Solo practitioners who need transparent pricing and a free trial.

Buyer Questions

Common questions answered by our AI research team

Features

What specific legal tasks does Harvey support, such as contract analysis, due diligence, and fund formation?

Harvey supports Legal Research, Deal Management, Due Diligence, Fund Formation, Contract Analysis, Complex Workflows, and Document Storage, as listed on the platform's homepage.

Features

Is Harvey suitable for both law firms and in-house legal teams, or is it designed primarily for one type of organization?

Harvey is designed for both law firms and in-house legal teams. The homepage states that 'Today's top law firms and in-house legal teams trust Harvey,' and customer testimonials include both law firms (e.g., Reed Smith, Burges Salmon) and in-house legal departments (e.g., Deutsche Telekom AG, Syngenta Group).

Security

How secure is the Harvey platform for handling sensitive legal documents and client data?
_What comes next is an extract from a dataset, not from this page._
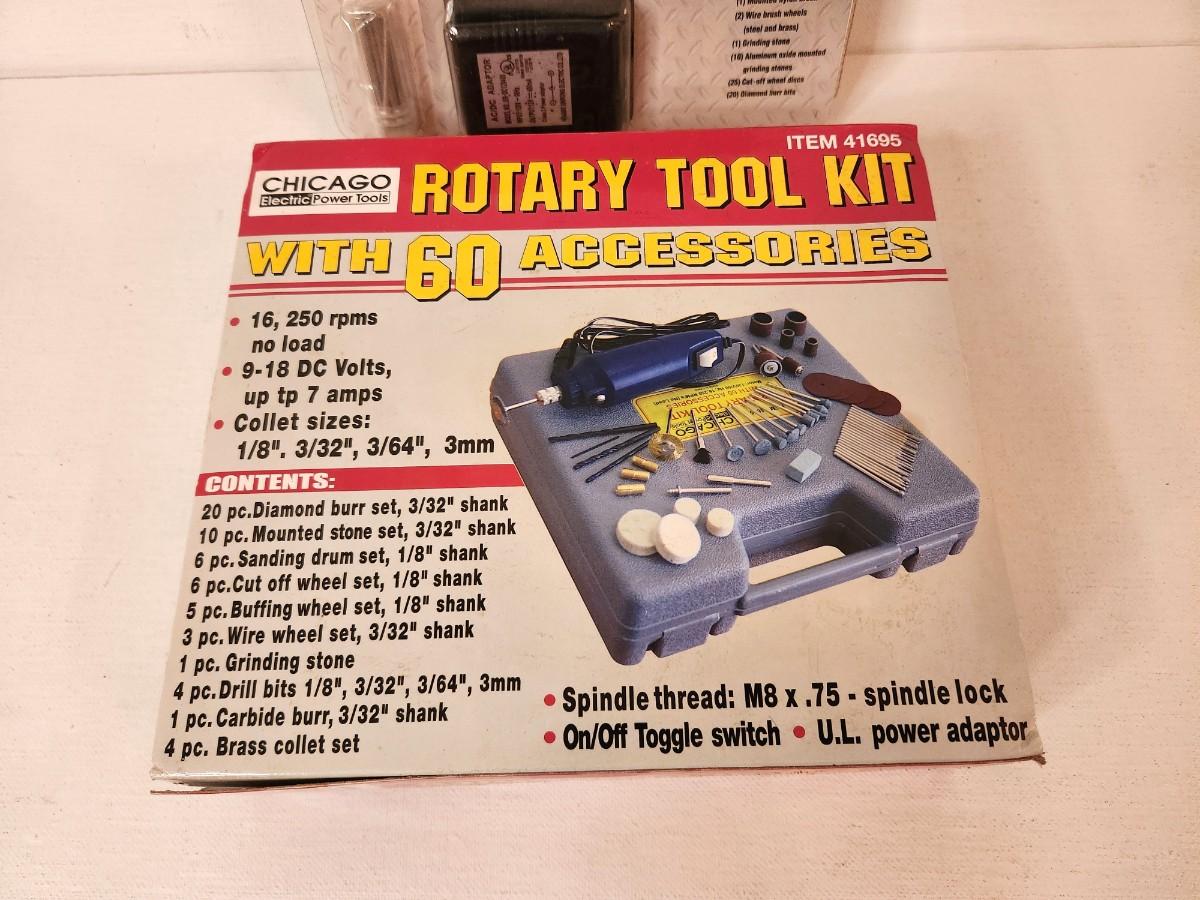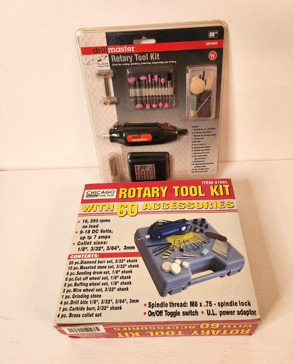 You get all you see here - Drill Master Rotary Tool Kit and Chicago Rotary Tool Kit w/60 accessories, both new in box.
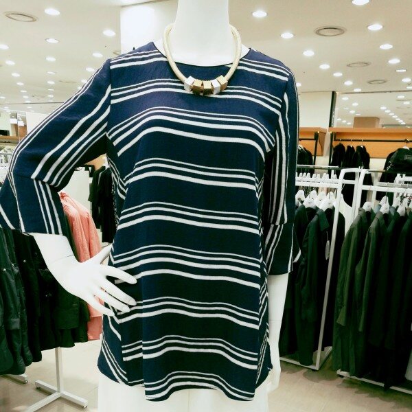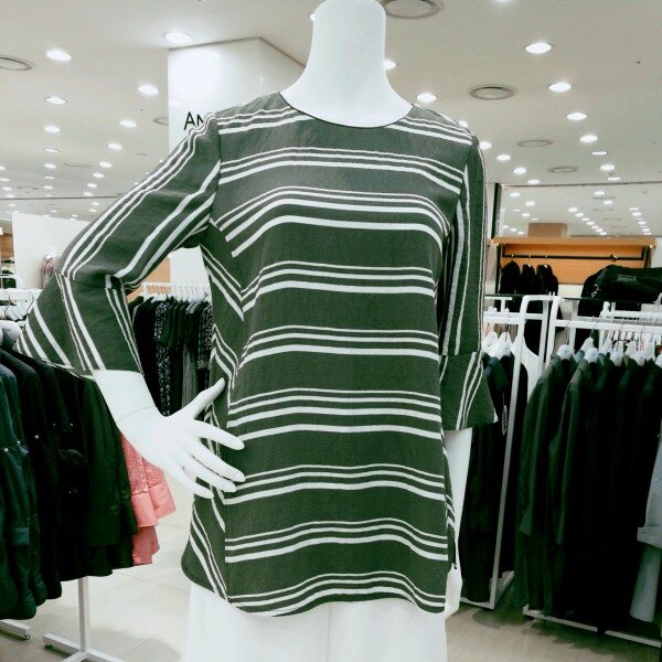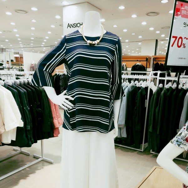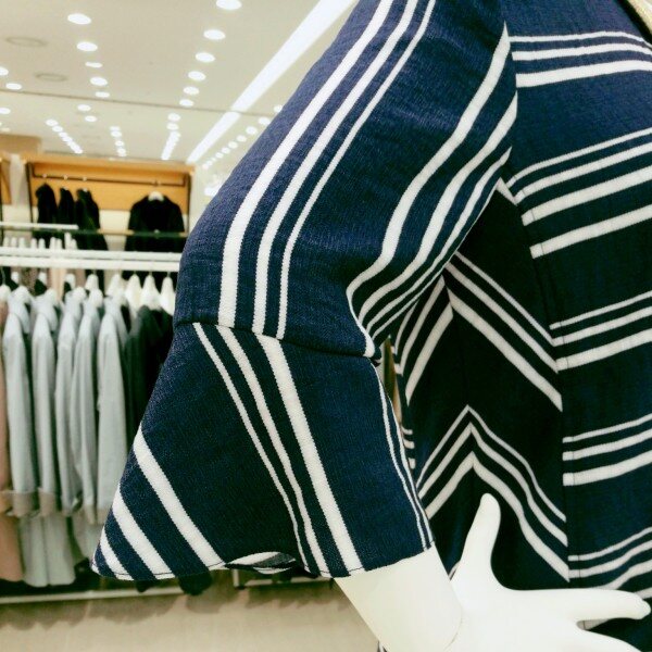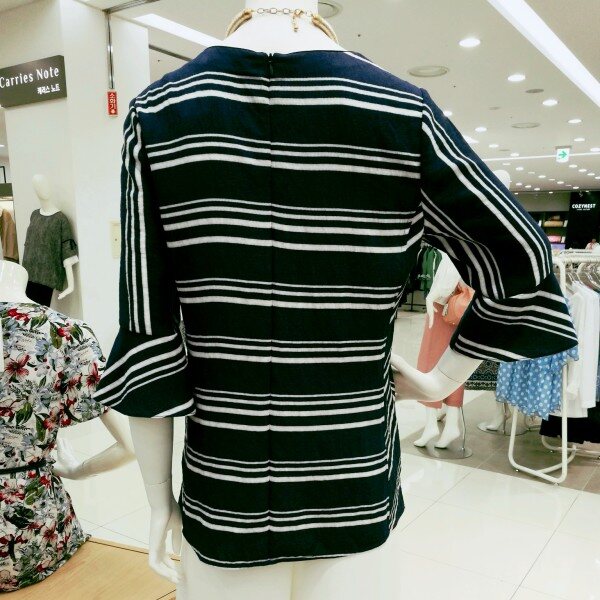 라운드카라의 7부브라우스입니다요즘유행하는 벨소매로 트렌디하게입으실수있습니다

The homepage describes Harvey as 'a secure platform,' but no further specific details about security certifications, encryption standards, or data handling practices are provided in the available content.

Setup

Does Harvey offer a demo or trial before committing to a full deployment for a law firm?

Yes, the Harvey homepage includes a 'Request a Demo' option for prospective customers.